◆ Task instructions:
Copy word for word the lines of the records below, beginning at the one with "Lampada a sospensione" and finishing at the one with "1か月後、岸田総理は安倍派の", ends included, but none of the pictures.

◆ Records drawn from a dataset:
-- -- --

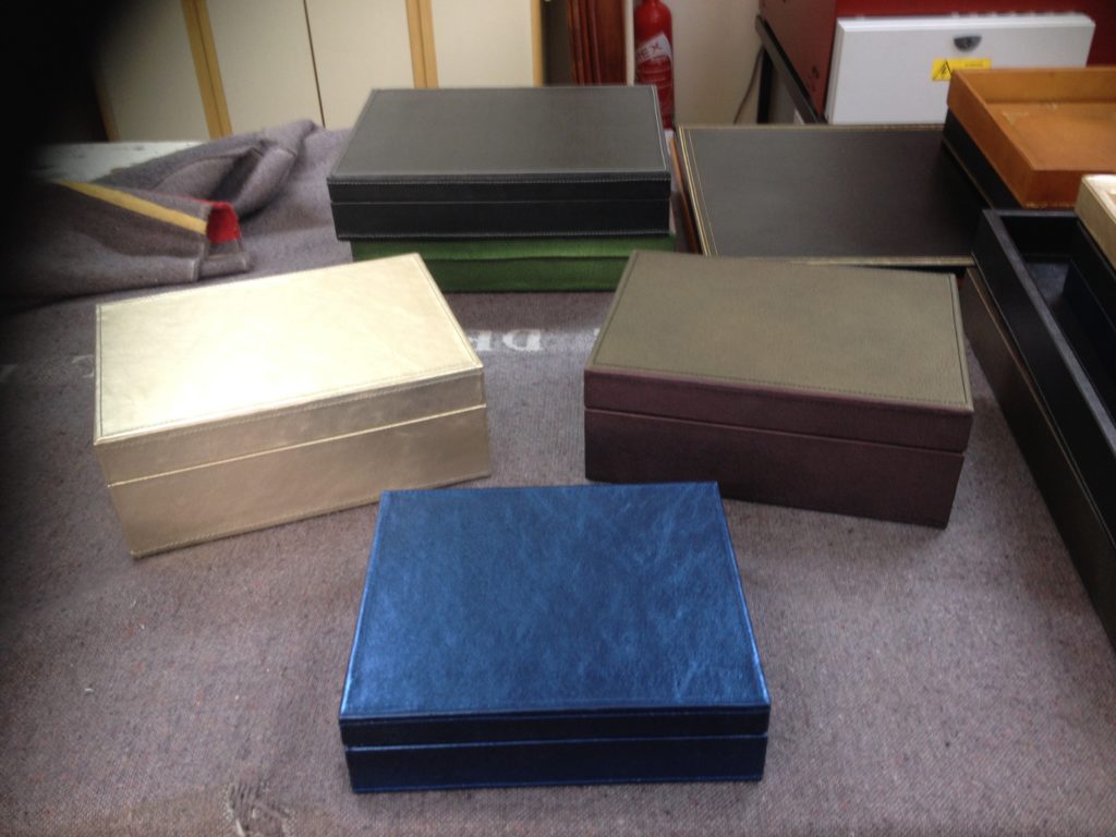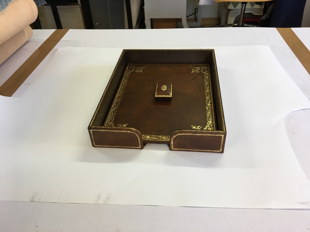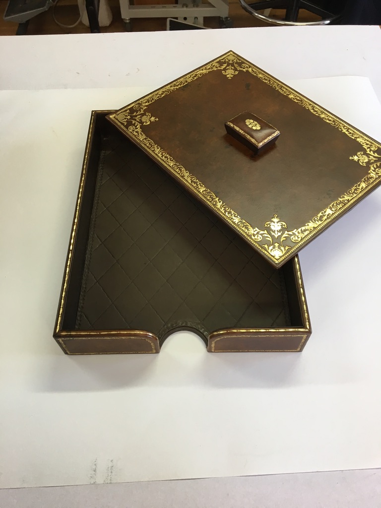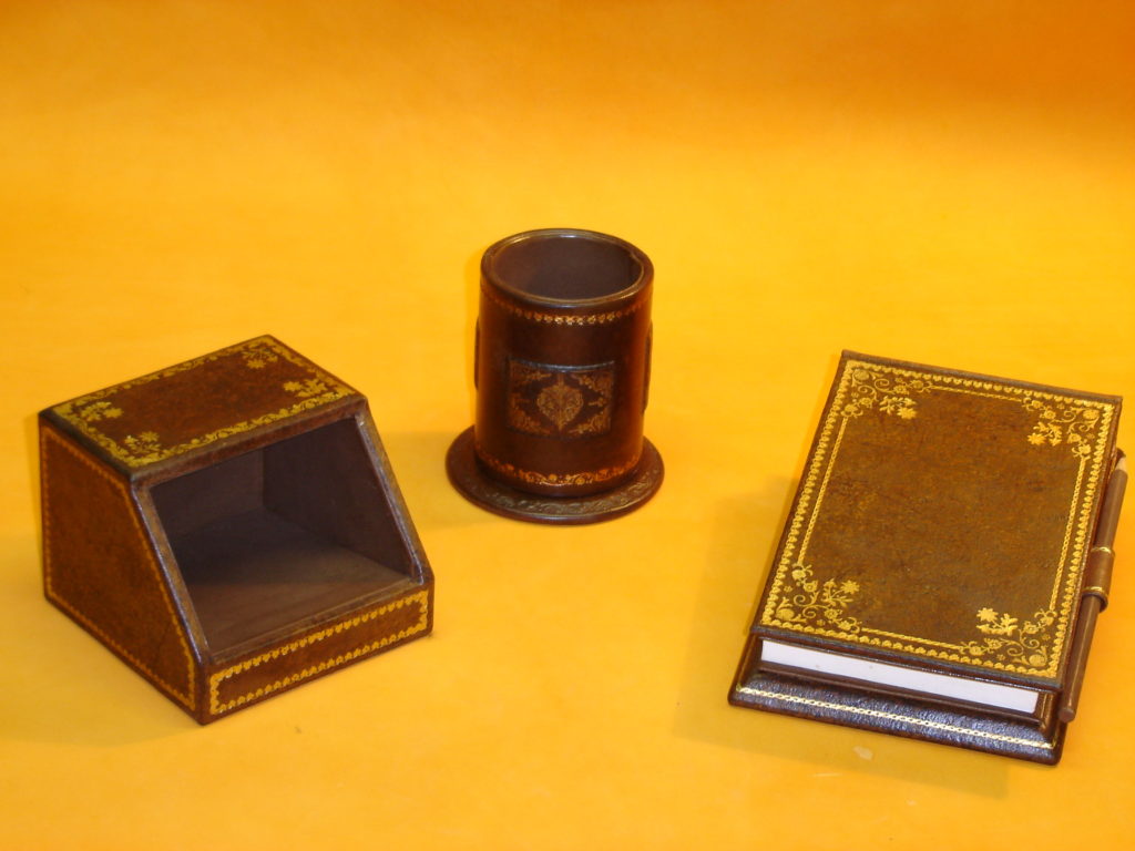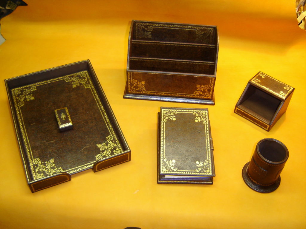 Nous fabriquons des garnitures de bureau de luxe, sous-main, Classeurs, Blocs notes, Corbeilles papiers etc…
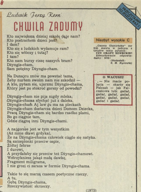 Archiwum / Rozmaitości nr 2059 (48/1984) 07/54 Podziel się Tytuł Chwila zadumy Autor Ludwik Jerzy Kern Rubryka Rozmaitości Artykuł z numeru 2059 (48/1984) Data wydania 25 listopada 1984 Tagi wiersz mongołowie Czyngis-chan Dżyngis-chan
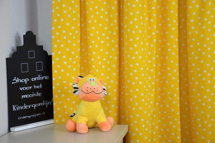 Deze vrolijk gekleurde kindergordijnen met fonkelende sterren zijn verkrijgbaar in 14 spetterende uitvoeringen.
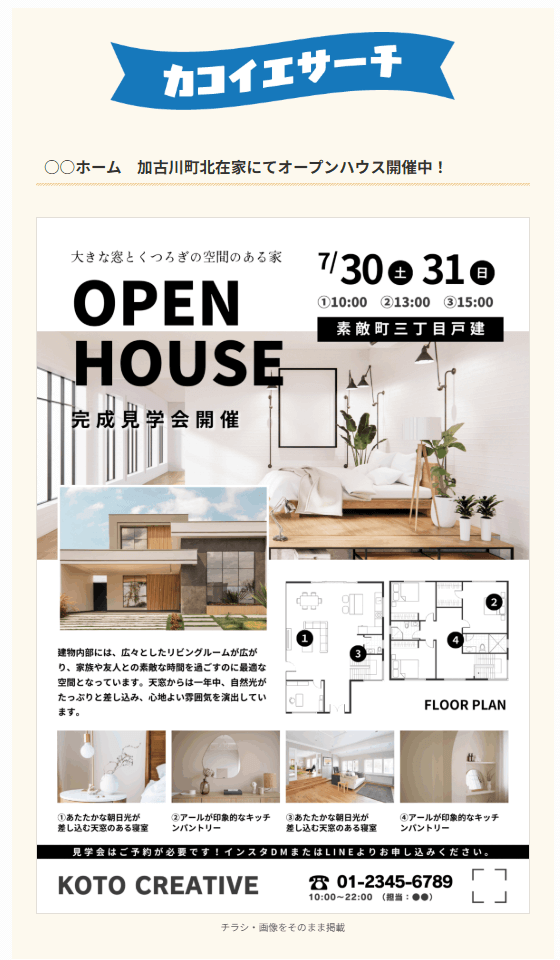 掲載イメージは以下の形式です。【見出し(30文字程度)】【チラシや間取り図などの画像1枚】【物件情報URLへのリンク】が掲載可能です。
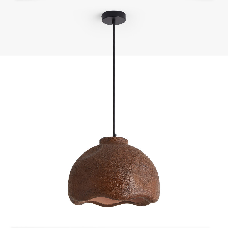 Lampada a sospensione in resina con finitura grezza e bordi ondulati. Il suo design artigianale e i toni neutri conferiscono calma e armonia visiva a qualsiasi ambiente.
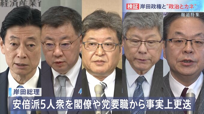 1か月後、岸田総理は安倍派の幹部、いわゆる安倍派五人衆の松野官房長官や萩生田政調会長らを閣僚や党要職から事実上更迭した。
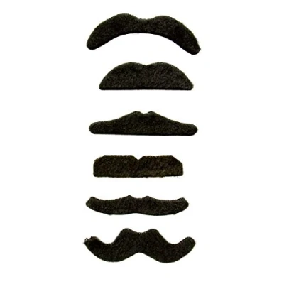 Black Moustache Set - 6 pieces. There are 6 moustaches in a package. Each moustache has a different shape, which moustache suits you best? Suitable for adults and children. This item is made of polyester., Manufacturer: Folat
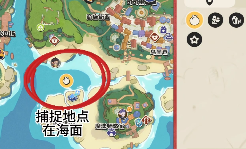 关于双灯鱼的捕捉位置,小编在图片中就已经给大家标注出来了,大家根据图片中的标记直接前往这个地点,即可获得双灯鱼的果实,获取之后直接前往海边进行孵化即可。双灯鱼的主属性为水,副属性为电,血条还是比较厚的,不算太脆皮,并且捕捉的要求也比较低,因此其实是一个比较适合在游戏前期使用的精灵,小伙伴们手上如果有多余的资源,可以酌情培养。
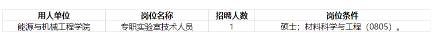 專職實驗室技術(shù)人員計劃招聘1人,為專業(yè)技術(shù)崗,應(yīng)屆畢業(yè)生且年齡在26周歲以下(1997年7月1日以后出生)。學(xué)士學(xué)位所在專業(yè)具有碩士學(xué)位授予權(quán)且碩士學(xué)位所在學(xué)校具有博士學(xué)位授予權(quán)。錄用后需在本工作崗位服務(wù)至少6年。
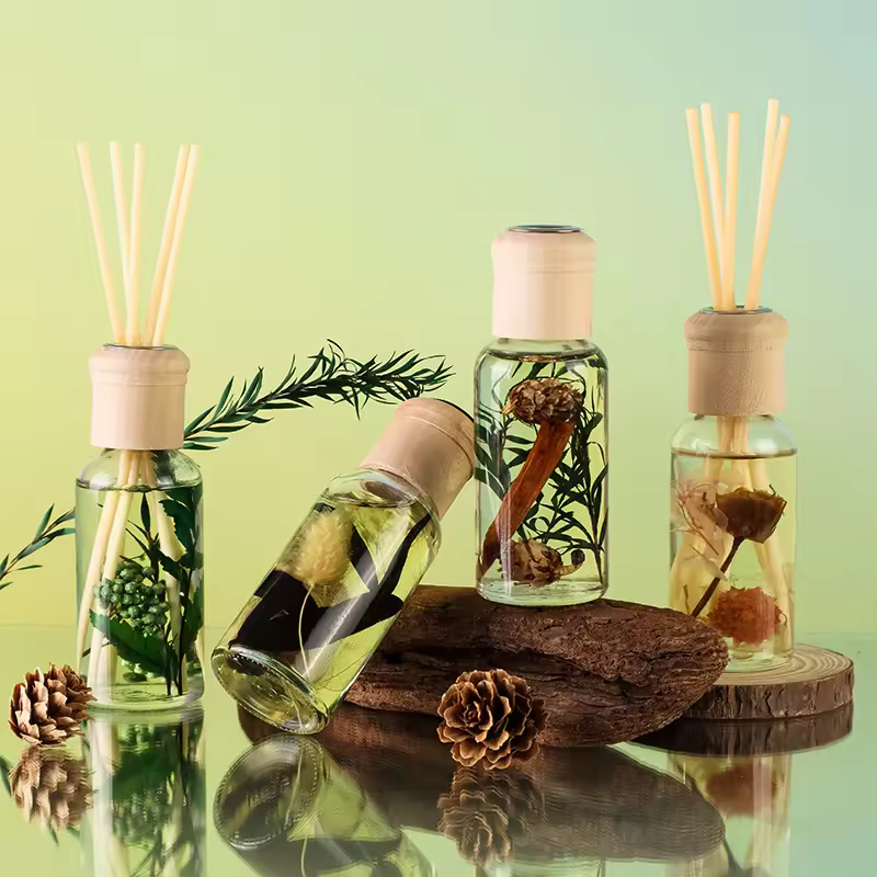 Private Label 50ml Glass Reed Aroma Diffuser Home Decoration Luxury Natural Dried Flower Air Freshener Aromatherapy Gift Box
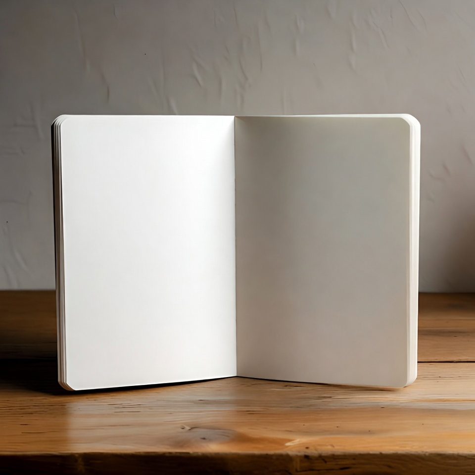 blank notebook, blank pages, book, empty pages, gray wall, isolated background, journal, office supplies, open notebook, paper, stationery, white notebook, wood surface, wooden table, writing pad, notebook

-- -- --

◆ Answer section:
 Lampada a sospensione in resina con finitura grezza e bordi ondulati. Il suo design artigianale e i toni neutri conferiscono calma e armonia visiva a qualsiasi ambiente.
 1か月後、岸田総理は安倍派の幹部、いわゆる安倍派五人衆の松野官房長官や萩生田政調会長らを閣僚や党要職から事実上更迭した。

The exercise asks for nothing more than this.